The data ▸
------------------------------------------------------------

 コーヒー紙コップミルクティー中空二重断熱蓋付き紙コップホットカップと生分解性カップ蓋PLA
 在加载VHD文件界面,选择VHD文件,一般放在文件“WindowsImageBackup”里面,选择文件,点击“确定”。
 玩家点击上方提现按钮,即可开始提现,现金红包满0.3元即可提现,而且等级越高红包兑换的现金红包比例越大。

------------------------------------------------------------

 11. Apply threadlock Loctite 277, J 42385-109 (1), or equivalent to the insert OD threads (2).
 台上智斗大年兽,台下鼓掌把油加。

------------------------------------------------------------

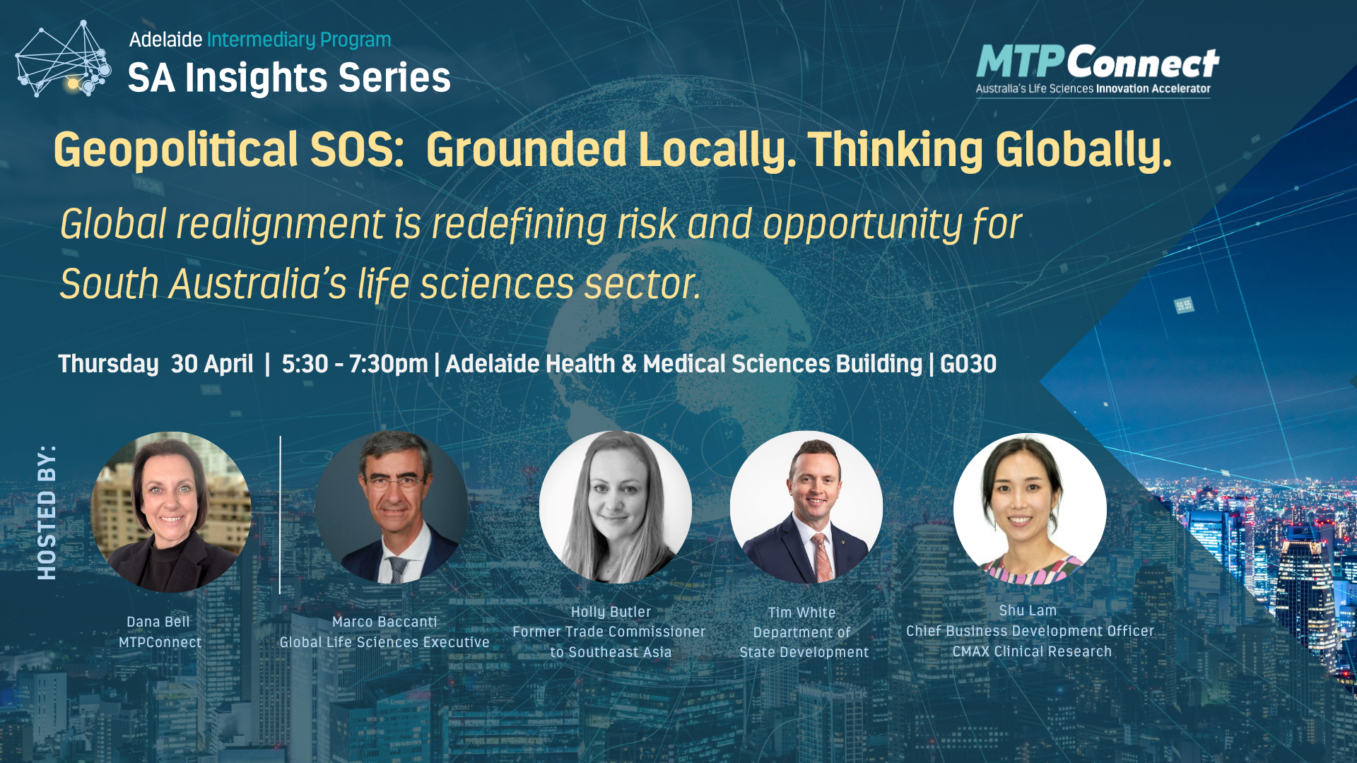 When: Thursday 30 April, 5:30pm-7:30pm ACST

------------------------------------------------------------

Activity ▸
Go through the listing above and write out exactly the lines starting with the one holding "コーヒー紙コップミルクティー" and running through the one holding "玩家点击上方提现按钮,即可开", ends included, and no others.

Answer below ▸
 コーヒー紙コップミルクティー中空二重断熱蓋付き紙コップホットカップと生分解性カップ蓋PLA
 在加载VHD文件界面,选择VHD文件,一般放在文件“WindowsImageBackup”里面,选择文件,点击“确定”。
 玩家点击上方提现按钮,即可开始提现,现金红包满0.3元即可提现,而且等级越高红包兑换的现金红包比例越大。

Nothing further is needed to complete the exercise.